2. Planning and Implementation

Planning for the LASCO Data Archive started in 1994 with the purchase of a Sybase database, development of database tables and understanding what the database could and could not do. By 1995 we were ready to make hardware purchases. Since LASCO is a joint effort between the Naval Research Lab and three major European co-investigator institutions, the problem of sharing the data was an important consideration. Each institute wanted a copy of the data in a timely fashion. Magnetic tape was clearly the cheapest solution for distribution but difficult to work with since the data would have to be staged on and off of magnetic disk to be useful. The amount of data predicted was clearly beyond what could be budgeted for magnetic disk at each institute (in early 1995 magnetic disk was approximately $1/MB).
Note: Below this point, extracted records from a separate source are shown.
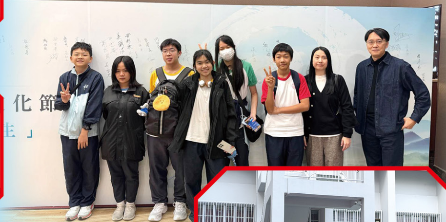
• 參與黃大仙仙俗文化節文化講座
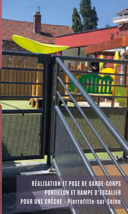
RÉALISATION ET POSE DE GARDE-CORPS PORTILLON ET RAMPE D'ESCALIER POUR UNE CRÈCHE - Pierrefitte-sur-Seine

En nous faisant confiance, vous prenez part à cette aventure humaine qui nous motive à chaque instant et contribuez à la réussite professionnelle et personnelle de ces jeunes.
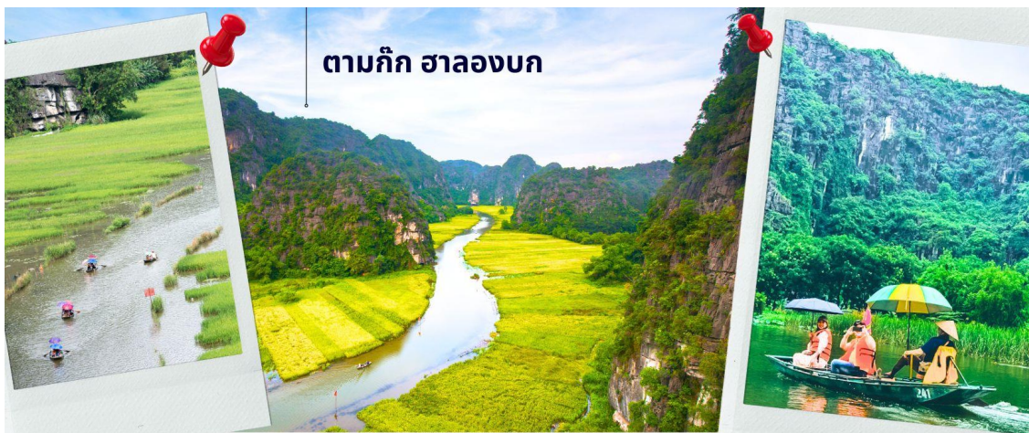
ตามก๊ก ฮาลองบก

จากนั้นนำท่านเดินทางสู่ ตามก๊ก เป็นพื้นที่ที่มีทั้งภูมิทัศน์อันงดงามของยอดเขาหินปูน แม่น้ำหลายสายไหลลัดเลาะ บางส่วนจมอยู่ใต้น้ำ และยังคงล้อมรอบด้วยผาสูงชัน จึงทำให้สถานที่แห่งนี้น่าชม การชื่นชมทัศนียภาพที่สวยงามในจ่างอานนั้น คือการล่องเรือเล็กประมาณลำละ 4-5 คนเพื่อเข้าไปเยี่ยมชมจ่างอาน เรือแจวก็จะพาเราไปเยี่ยมชมวัด หลังจากนั้นก็จะพาเราไปลอดถ้ำ มีทั้งหมด 49 ถ้ำ ซึ่งแต่ละถ้ำจะมีชื่อแตกต่างกันไปจะใช้เวลาล่องเรือไปกลับร่วมสองชั่วโมงเลย ที่เดียว จ่างอานยังถูกเรียกว่า ฮาลองบก เพราะที่นี่มีเขาหินปูนและถ้ำคล้ายกับที่อ่าวฮาลอง
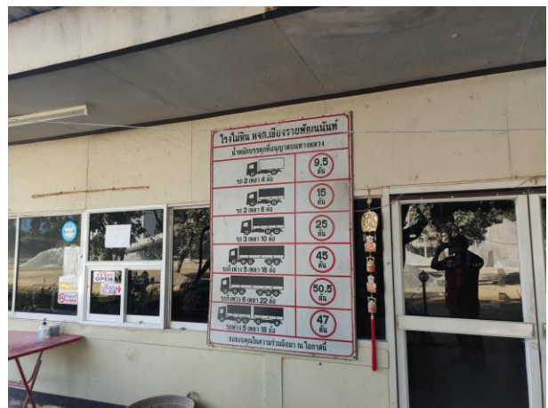
รูปที่ 2-6 (ต่อ)
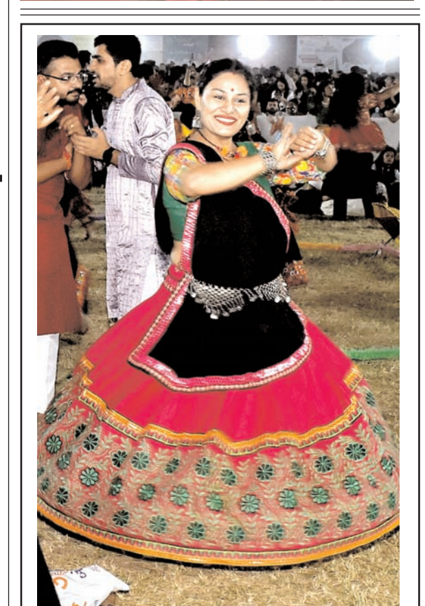
सूरत में बुधवार को नवरात्रि उत्सव के अवसर पर पारंपरिक गरबा नृत्य करती एक महिला।
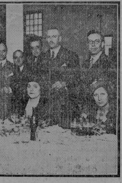
«Lunch» con que fué obsequiado el ministro en la fábrica de Los Rosales.
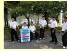
簡易型ミスト発生装置
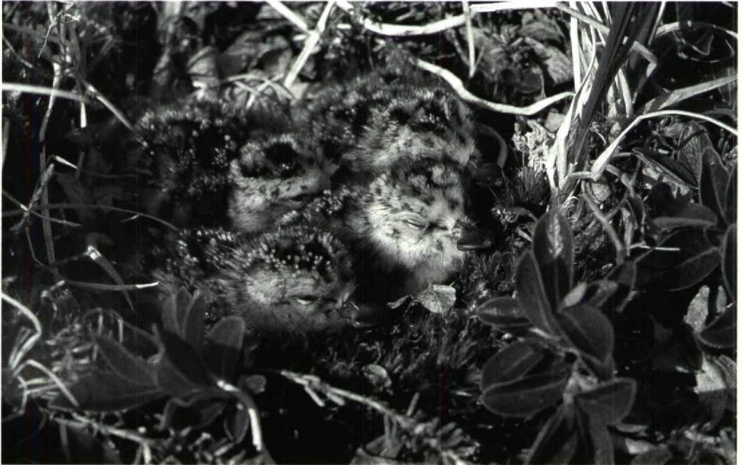
44 Spoon-billed Sandpiper Eurynorhynchus pygmeus , chicks in nest, Belyaka Spit, Kolyuchinskaya Gulf, northern Chukotski peninsula, Russia, 16 July 1987

desh, including two individuals colour-marked on the northern Chukotski peninsula! The only other recovery was received recently through the Asian Wetland Bureau from Hangzhou Bay near the mouth of the Yangtze, China. The bird was ringed as a chick in 1987, shot by a hunter on 10 May 1990 and subsequently eaten. These are the first and only recoveries to date of this species.
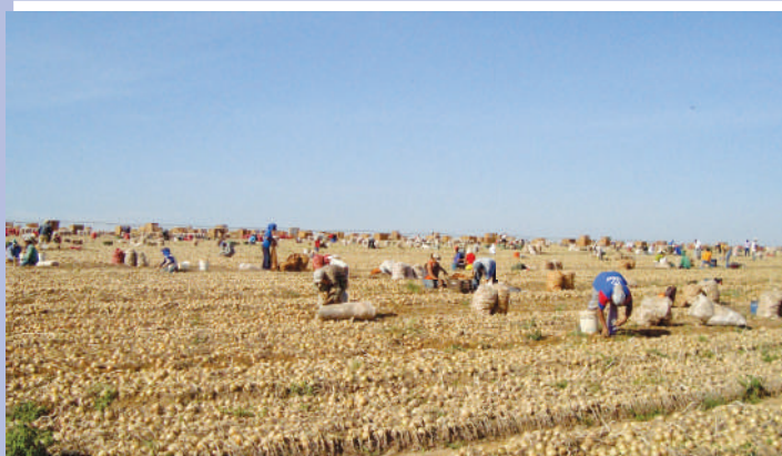
Colheita de cebola

Optical disk was a possibility but had uncertain support for all the various computers and operating systems used by our co-investigators.
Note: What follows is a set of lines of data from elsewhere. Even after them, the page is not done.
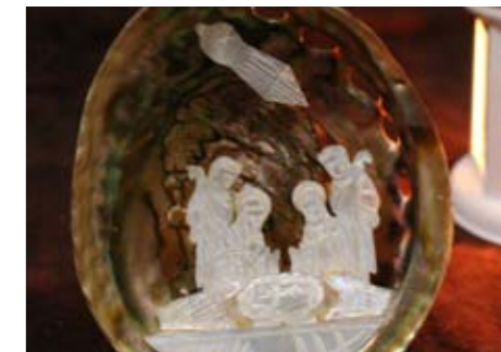
Unikátním kouskem byl betlém z Jeruzaléma.
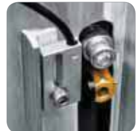
Fin de course magnétique
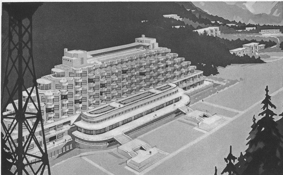
Lungenheilstalt Plaine-Joux-Mont-Blanc (im Bau) Architekten Pol Abraham und Henry Le Môme oben: Ansicht der Gesamtanlage mit den Einzelpavillons unten: Grundriss eines Appartements

Das hier abgebildete Hauptgebäude enthält 120, sämtlich nach Süden gerichtete Krankenzimmer mit Einzel-Liegebalkon; die Gliederung der Südfassade ergibt sich aus dem Grundriss der Einzelzimmer, für die möglichst
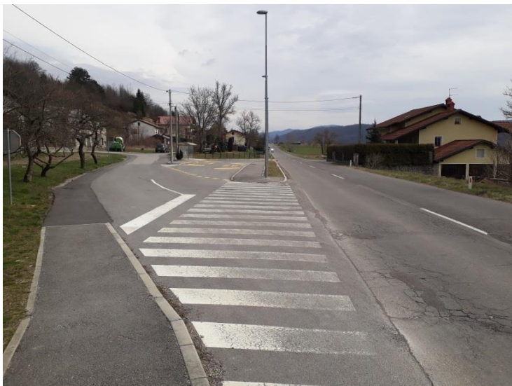
Slika 21 a: Vrbovo
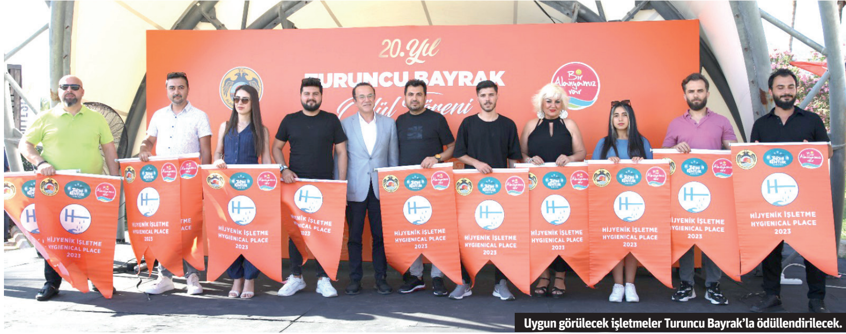
Uygun görülecek işletmeler Turuncu Bayrak'la ödüllendirilecek.

'Alanya Belediyesi Turuncu Bayrak Yarışması' için başvurular başladı. Bu yıl 21'nci kez düzenlenen yarışma sonrası uygun görülecek işletmeler Turuncu Bayrak'la ödüllendirilecek.
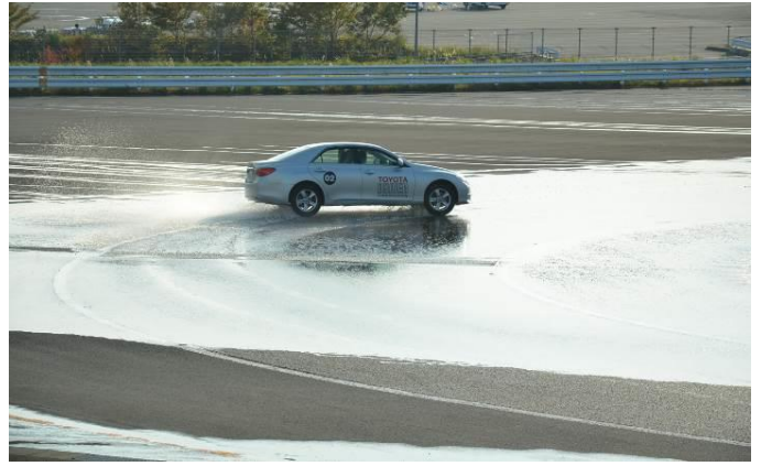
低ミュー路での走行体験
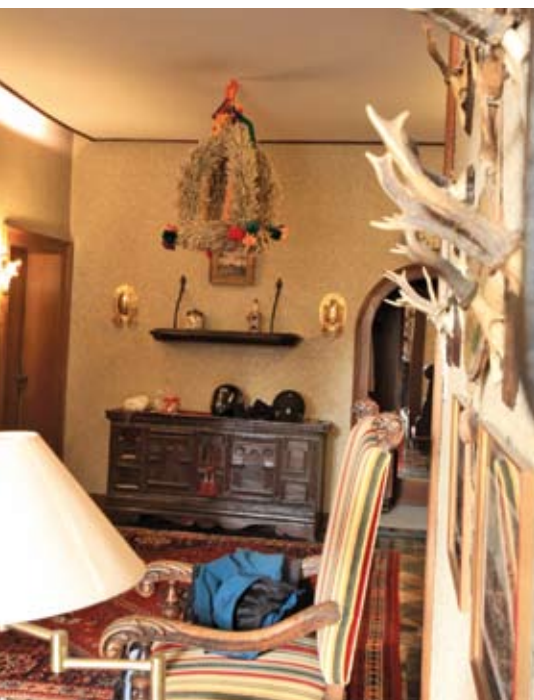
Wie bereits Generationen vor ihnen hängen Schumachers nach der abgeschlossenen Erntesaison eine Erntekrone auf.
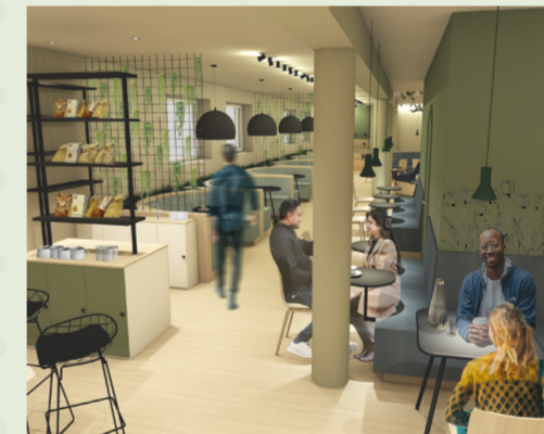
Oversikt fra disk, kafé
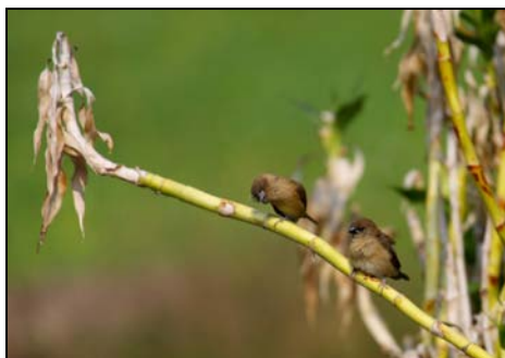
( 都叫妳換咗隻洗頭水咯! )
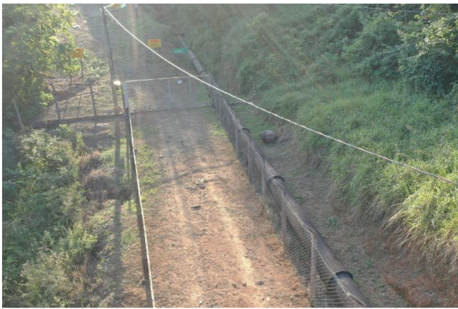
Foto 4: Trecho do canal de adução.
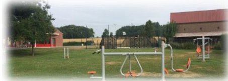
AIRE DE FITNESS
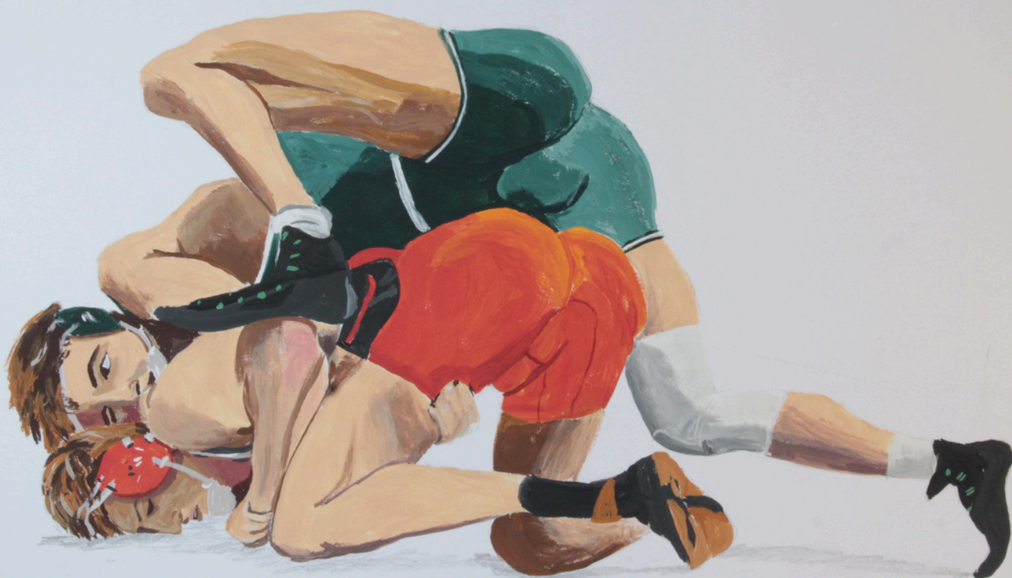
TTÍTULO: Génesis 32:24 o El poema del sudor (2024). Acrílico sobre cartulina (25 x 17 cm).

The recordable CD-ROM (CD-R) was the ideal solution. The format was usable by almost any computer. The disks are archival with an estimated 100 year lifetime with proper storage. The amount of data was convenient with each CD-R containing several days of data and easy to browse. The media was inexpensive with blank media costing only $0.01/MB which is important when five copies of each CD-R must be made (one for each of four institutes and one for archival storage). The cost of 1 TB is only about $10,000; an amount that is affordable. The only disadvantages are that CD-Rs are much slower to access than magnetic disks and require several hours to assemble a CD-ROM image and write the CD-Rs. CD-Rs have become very popular. The price of CD-R recorders has dropped from $2,500 in 1995 to less than $1,000 at present. CD-Rs are so popular that the media manufacturers were overwhelmed with demand earlier this year and there were long back order times.
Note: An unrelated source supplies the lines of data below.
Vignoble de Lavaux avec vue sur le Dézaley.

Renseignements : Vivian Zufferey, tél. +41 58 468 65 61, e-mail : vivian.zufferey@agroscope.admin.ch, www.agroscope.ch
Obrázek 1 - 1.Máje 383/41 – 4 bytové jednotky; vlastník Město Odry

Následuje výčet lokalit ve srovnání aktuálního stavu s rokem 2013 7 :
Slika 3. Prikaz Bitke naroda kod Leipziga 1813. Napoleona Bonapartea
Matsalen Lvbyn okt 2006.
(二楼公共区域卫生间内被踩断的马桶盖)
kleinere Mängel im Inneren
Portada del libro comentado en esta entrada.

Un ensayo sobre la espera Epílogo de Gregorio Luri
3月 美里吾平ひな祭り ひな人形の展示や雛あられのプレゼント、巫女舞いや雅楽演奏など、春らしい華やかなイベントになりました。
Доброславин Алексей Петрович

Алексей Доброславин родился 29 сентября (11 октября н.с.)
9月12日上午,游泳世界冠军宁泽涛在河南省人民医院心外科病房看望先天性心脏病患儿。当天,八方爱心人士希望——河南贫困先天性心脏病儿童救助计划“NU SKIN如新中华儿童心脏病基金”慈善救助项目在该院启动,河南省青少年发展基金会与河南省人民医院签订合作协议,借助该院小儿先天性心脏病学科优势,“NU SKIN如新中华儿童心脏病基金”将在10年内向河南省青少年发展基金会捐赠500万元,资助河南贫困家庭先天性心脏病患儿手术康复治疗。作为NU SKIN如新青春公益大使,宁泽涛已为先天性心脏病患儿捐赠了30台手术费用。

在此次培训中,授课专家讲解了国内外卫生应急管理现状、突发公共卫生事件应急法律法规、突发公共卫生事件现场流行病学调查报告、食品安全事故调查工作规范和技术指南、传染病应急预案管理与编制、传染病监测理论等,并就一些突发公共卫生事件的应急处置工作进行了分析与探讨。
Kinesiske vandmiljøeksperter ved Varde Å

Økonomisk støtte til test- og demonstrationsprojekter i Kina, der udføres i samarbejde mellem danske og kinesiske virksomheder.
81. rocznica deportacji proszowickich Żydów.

Large CD-ROM jukeboxes meant that all of our data could be on-line. Solar scientists often wish to conduct studies that span images spread over a solar rotation (27 days) or even several rotations. Having some data off-line makes assembling datasets more difficult and harder to manage. The 500 disk jukebox we chose provides 325 GB of storage. Using smaller jukeboxes would offer faster access times under heavy usage because the ratio of CD-ROMs to drives would be better, but it also would have cost significantly more money for the same storage capacity. The jukebox format was favored over a carousel both because of its capacity and because a carousel rotates all of its CD-ROMs each time a CD-ROM is loaded or unloaded whereas a jukebox handles only a single CD-ROM with each load or unload operation. Although good statistics for the lifetime of CD-ROMs in carousels versus jukeboxes do not exist, it is intuitive that less motion is better for the life of the CD-R. The total cost of the CD-ROM jukebox, software and 500 CD-Rs to fill it was about $0.07/MB in 1995. Even though the cost of magnetic disk has dropped to $0.20/MB in 1996, CD-Rs other advantages still make it a good choice for use as an on-line storage medium.

3. Archive Operations

The LASCO ground support system at Goddard Space Flight Center receives data in three ways. During times when the NASA Deep Space Network (DSN) is in contact, the data packets are handled in realtime. Since the contact period is typically 8 hours, the remaining 16 hours of non-contact time are covered by an on-board tape recorder which is dumped into packet files when contact is re-established. The final method used to input data is a CD-ROM from the Deep Space Network some weeks after the date of observation. This CD-ROM is produced after DSN has applied all of its error correction and packet recovery techniques. The raw packets are processed by the data reduction pipeline which takes the raw telemetry and produces raw image files. The raw image files are decompressed, rotated so that solar north is up and made into FITS files. The FITS files are then made available to observers at Goddard. The entire process is automated and the FITS files are usable and displayed at the LASCO Experiment Operations Facility in about a minute. The raw image files and packet files are also processed at NRL and stored on magnetic disk on the NRL data server. This provides redundant data reduction capability in case some malfunction occurs at NRL or GSFC. The DSN CD-ROMs containing corrected data are generally processed at NRL as they arrive. This final data is put onto CD-Rs and then into the CD-ROM jukebox. The data flow is shown in Figure 1.

 
Figure: Schematic of the LASCO data archive and data flow. Original PostScript figure (64kB).  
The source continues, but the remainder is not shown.